* James River buys back debt at 39 cents in the dollar
* S&P says discounted debt repurchase tantamount to a
* Shares fall 32 pct
(Adds conference call details, S&P rating cut)
By Swetha Gopinath
Nov 7 Standard & Poor's Corp slashed James River
Coal Co to 'selective default' after the coal miner
said it had repurchased debt at less than half the face value
and reported a bigger-than-expected quarterly loss.
James River shares fell as much as 32 percent to $3.20 on
the Nasdaq after the repurchase was announced, with analysts
concerned the company had used cash to buy back debt when it
faces a liquidity squeeze amid sliding coal prices.
Other coal stocks fell on fears of stricter environmental
regulations during President Barack Obama's second term.
The company said it had bought back debt with a face value
of $61.4 million, about 9 percent of its total, for $23.9
million between July 1 and Oct. 12.
Ratings agency S&P said the repurchases, at a roughly 60
percent discount, were tantamount to a default given the steep
discount and the relative size of the transactions.
"We consider the discounted note repurchases constitute a de
facto restructuring," it said in a statement.
Analysts warned that the repurchase would dent cash
reserves, though some said it would help the company cut costs.
James River has been struggling with high costs and
diminished cashflow due to weak demand for coal from steelmakers
and power producers in the United States.
"(The) surprise $61 million debt repurchase (is a) great
deal at 39 cents per $1 face value, but erodes the $170 million
liquidity cushion," analysts at Tudor Pickering Holt said in a
note to clients.
James River Coal, which had debts of $589.5 million as of
June 30, said available liquidity fell to $172 million at the
end of the quarter from the $191.9 million at the end of the
"Opportunistic purchases like these help the company's
balance sheet and James River Coal still has $151.4 million in
cash," analysts at Simmons & Co said in a note to clients.
S&P, however, said James River Coal's liquidity was "less
than adequate," given that the company would likely burn cash in
2012 and 2013. U.S. coal miner Patriot Coal Corp had
filed for bankruptcy protection in July.
On a conference call with analysts, James River Chief
Executive Peter Socha said the company is considering a new term
loan or flexed revolver loan to cut costs.
James River will continue to cut the output of metallurgical
coal, used to make steel, in response to lower industry demand,
CEO Socha said on the call.
Metallurgical coal prices, which were as high as $225 per
tonne four months ago have settled at $140/tonne due to slow
economic growth in top buyer China.
James River, which diversified into the more lucrative
steel-making coal last year, has already suspended operations at
one coalmine operated on its behalf by a contractor.

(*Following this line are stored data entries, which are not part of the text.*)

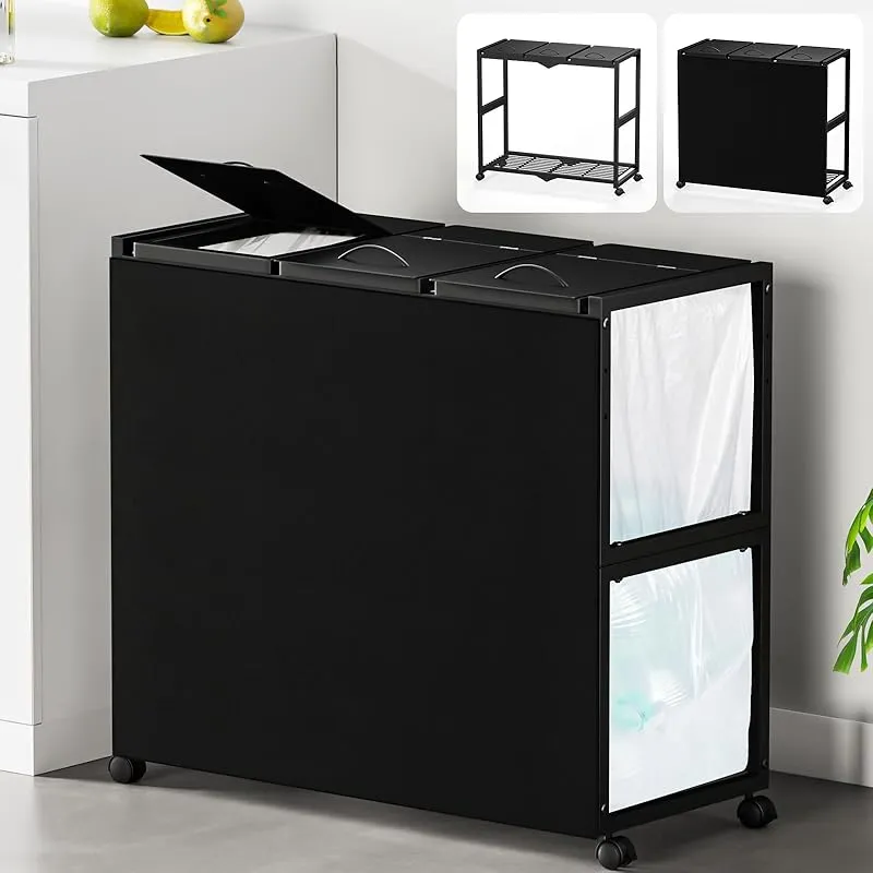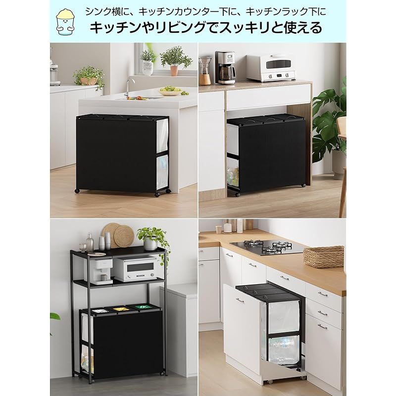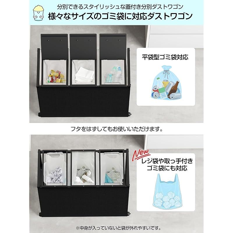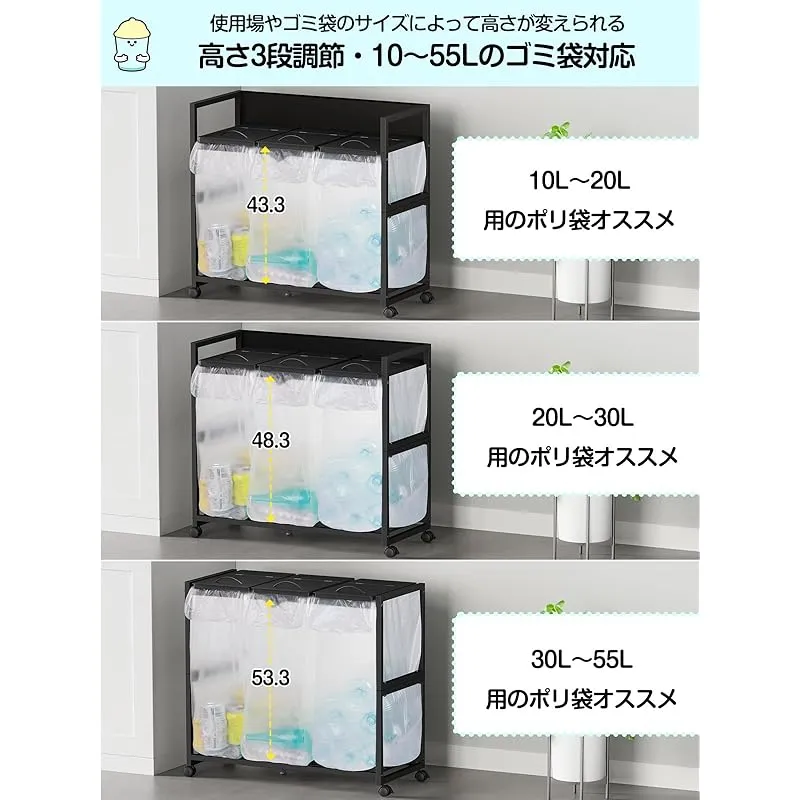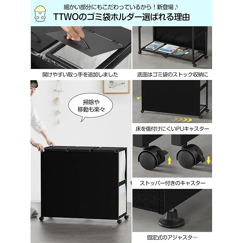 TTWO ゴミ袋ホルダー 3分別×45L 平袋・U型袋両対応 ダストワゴン ゴミ箱 マグネット式目隠しカバー ふた付き 高さ調整 10L~55Lゴミ袋対応 ゴミ箱ホルダー ゴミ袋スタンド ポリ袋ラック レジ袋スタンド リサイクルスタンド ゴミ捨て簡単 エコ スリム キッチン 台所 リビング オフィス キャスター/アジャスター付き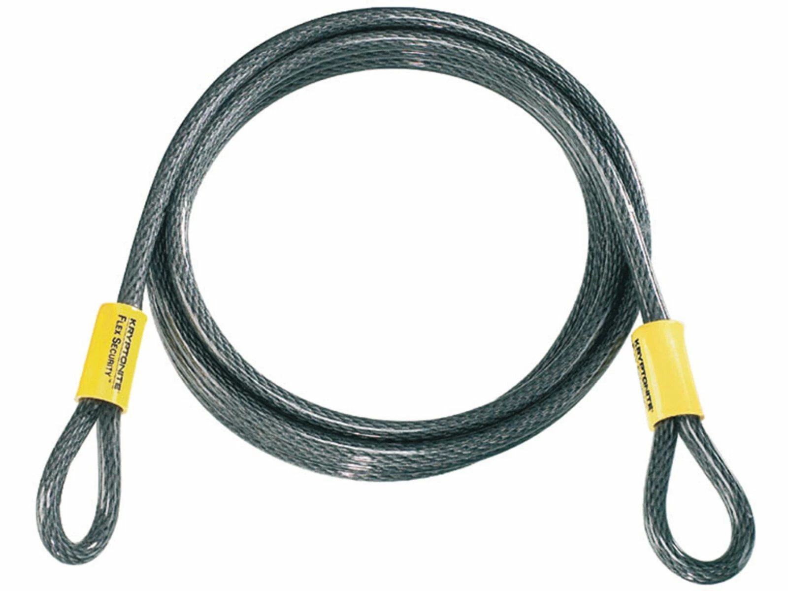 Sehr flexibles, kunststoffummanteltes Stahlkabel mit 2 Endschlaufen. In Verbindung mit einem Bügelschloss dient das Kabel als ideale Zusatzsicherung für Helme, Sattelstützen, Vorderräder, Kinderanhänger etc.Features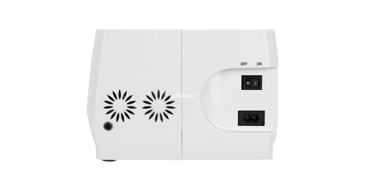 Nadeleinfädler, Fadenabschneider, Aufspulautomatik, Knopflochautomatik, Garnrollenhalter, Nählicht |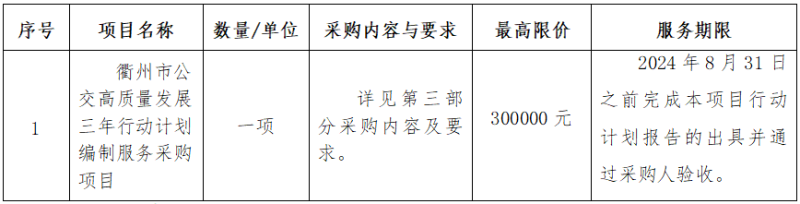 受浙江衢州公交集團(tuán)有限公司委托,現(xiàn)就衢州市公交高質(zhì)量發(fā)展三年行動(dòng)計(jì)劃編制服務(wù)采購(gòu)項(xiàng)目進(jìn)行采購(gòu)。本項(xiàng)目以競(jìng)爭(zhēng)性磋商方式進(jìn)行采購(gòu),歡迎合格的供應(yīng)商參加。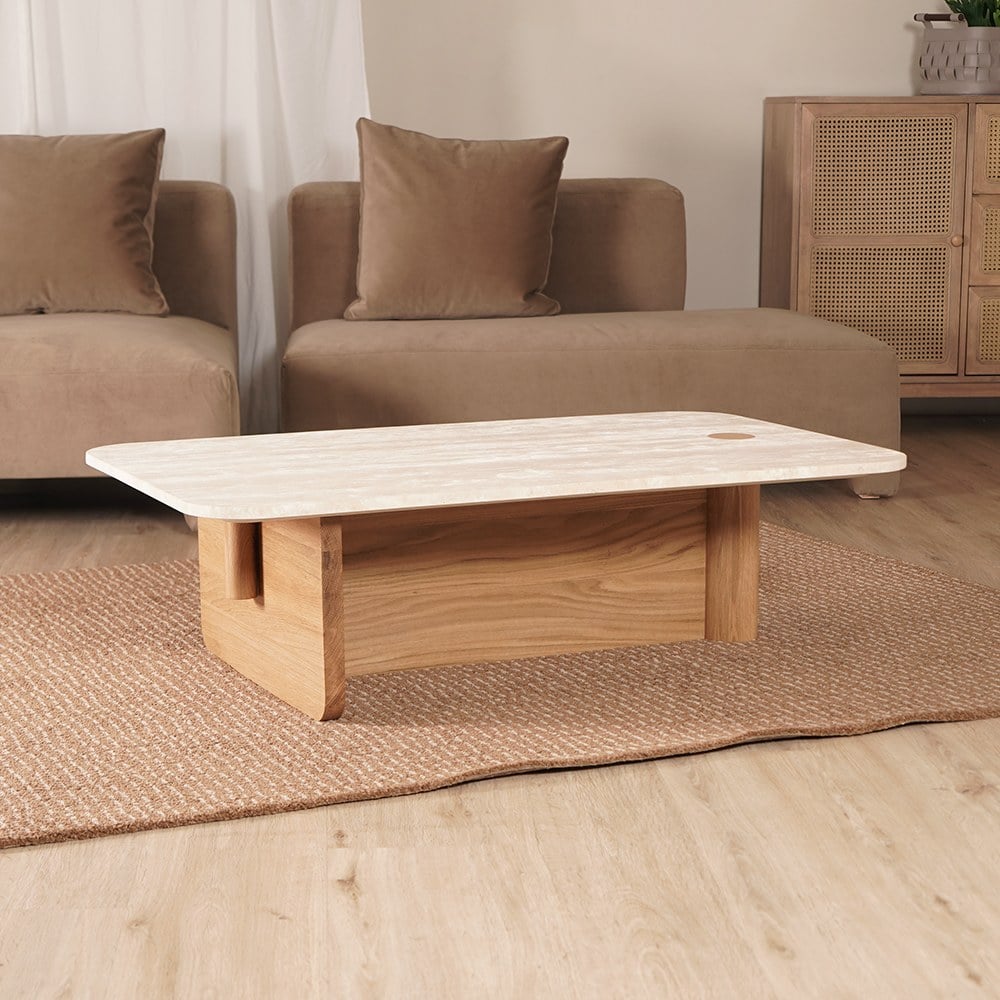 丹麥 Natadora Pivot T字洞石茶几的設計特色在於一根實木圓柱貫穿與 T 字結構相接,圓潤與平面之間的對比為整體造型增添層次。這根圓柱延伸至桌面。桌尾則以半截木質圓柱呼應主要的圓柱形桌腳,達成視覺上的平衡與呼應。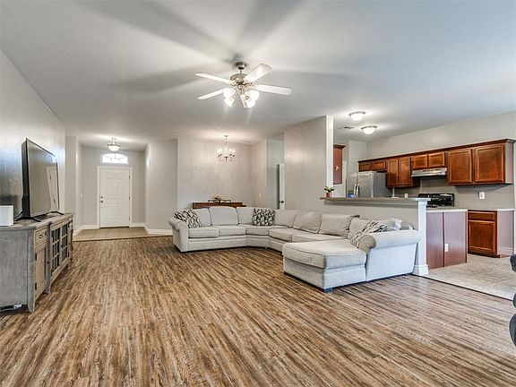 Welcome to this beautifully maintained 4-bedroom, 2-bathroom home in the highly sought-after Sonoma Lake Addition in Edmond. Offering 1,842 sq. ft., this home combines thoughtful updates with a functional floorplan, perfect for families or individuals. From the moment you pull up, you’ll notice the fantastic curb appeal, highlighted by a brand-new 2025 roof and tidy landscaping. Step inside to find a bright, open layout with large windows that fill the home with natural light. The spacious living room features a cozy fireplace with a classic mantle, creating a warm gathering space for entertaining guests. The kitchen is a chef’s dream with stainless steel appliances, ample cabinet space, and easy access to the dining area—ideal for weeknight dinners or hosting friends. Hard flooring in high-traffic areas makes upkeep simple, while carpeted bedrooms provide comfort. The primary suite is a standout, featuring his-and-her vanities, a soaking tub, a separate standing shower, and a walk-in closet with built-in drawers for organization. The additional three bedrooms are generously sized and share a well-designed guest bathroom. Step outside to enjoy a private backyard that’s perfect for grilling, playing, or just relaxing after a long day. Living in Sonoma Lake means you also have access to the community pool and a picturesque neighborhood lake, offering a true sense of community and a beautiful setting. With its blend of updates, a practical floorplan, and neighborhood amenities, this home is ready for its next owners to love. Don’t miss the opportunity to make it yours—schedule your showing today!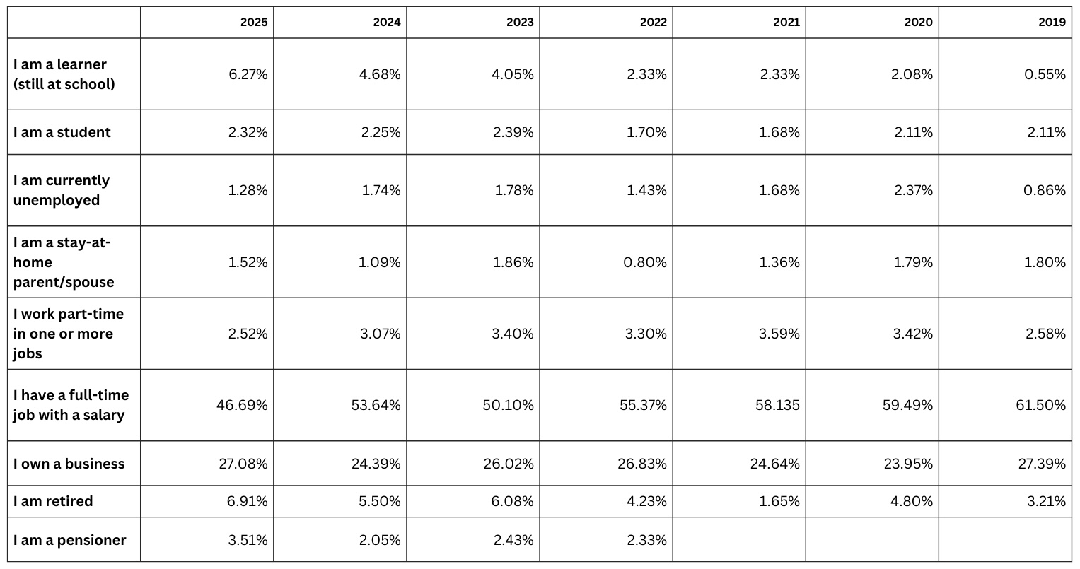 An encouraging increase in school learners – they generally don’t have the patience to take a 10-minute survey. Interesting to see the big drop in those with a full-time job over the previous year. Retirement, pension and own business all increased a little.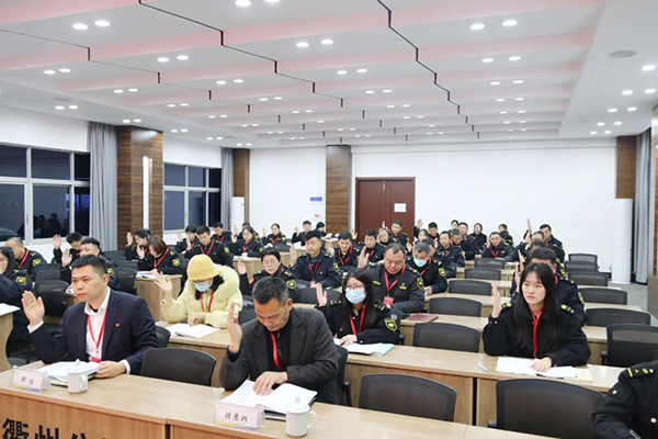 1月15日晚,浙江衢州星辉游戏有限公司工会召开第四届第一次职工代表大会,来自各子公司、部门的46名职工代表参加会议。公司党委书记、董事长、总经理张淑芬出席会议并讲话。会议由总经理助理、工会副主席胡翔主持,大会在激昂的国歌声中拉开序幕。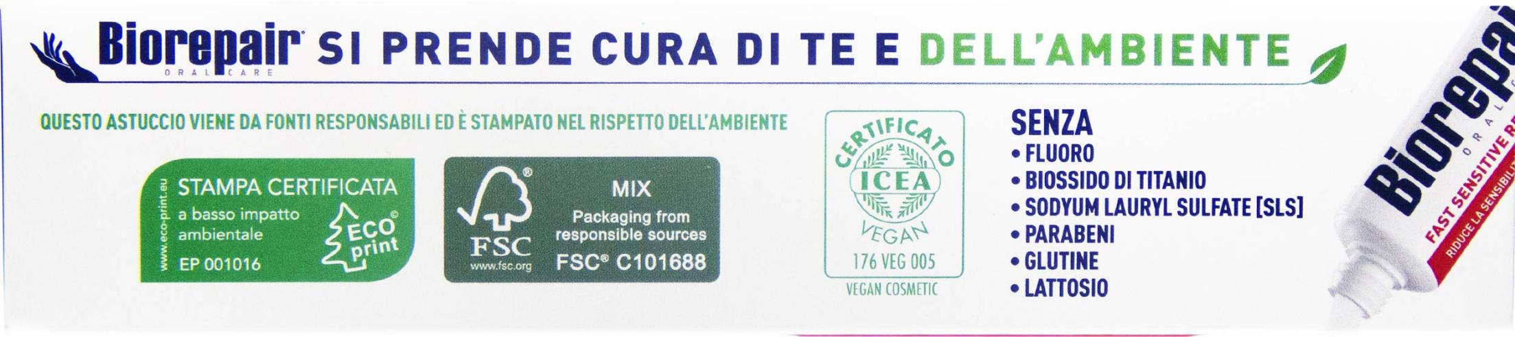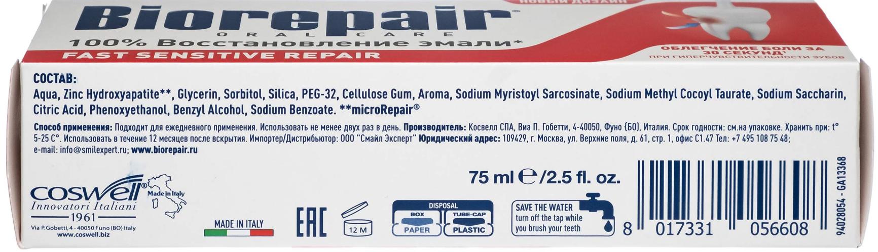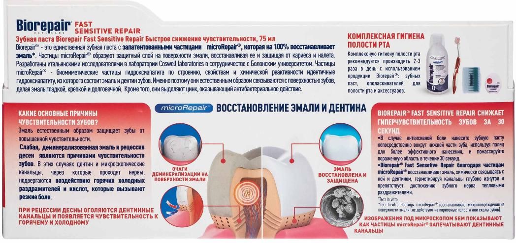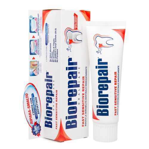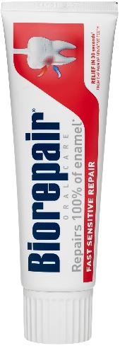 Biorepair Fast Sensitive Repair – реминерализирующая зубная паста, которая запечатывает открытые дентинные канальцы и быстро снижает чувствительность зубов. Борется с гиперчувствительностью зубов. Идеально подходит для ухода за зубами после профессиональной чистки у стоматолога, самая низкая абразивность.

It has also cut hours in its Kentucky operations that
produce thermal coal used for power generation.
James River is not the only U.S. coal to cut output this
year. Coal production in the country will drop to its lowest
level in two decades in 2013, the U.S. Energy Information
Administration (EIA) said in its Oct. 10 energy outlook report.
James River also said it had signed agreements to ship 1.3
million tons of Central Appalachian coal at an average price of
$70.63 per ton in 2013.
"This is slightly above the current curve for 2013, but
still below James River's average cash cost of production,"
analysts at Simmons & Co said in a note to clients.
The analysts also said it would take "a large improvement"
in the metallurgical or thermal markets for the company's
results to improve.
James River's third-quarter adjusted loss was $1.23 per
share, exceeding the $1.04 per-share loss analysts had
estimated, according to Thomson Reuters I/B/E/S.
Net loss widened to $20.6 million, or 59 cents per share,
from $3.7 million, or 11 cents per share, a year earlier.
Revenue fell 5 percent to $288.1 million, but was higher
than the average estimate of $261.7 million.
James River stock, which has nearly halved this year, was
down 23 percent at $3.61 in afternoon trade.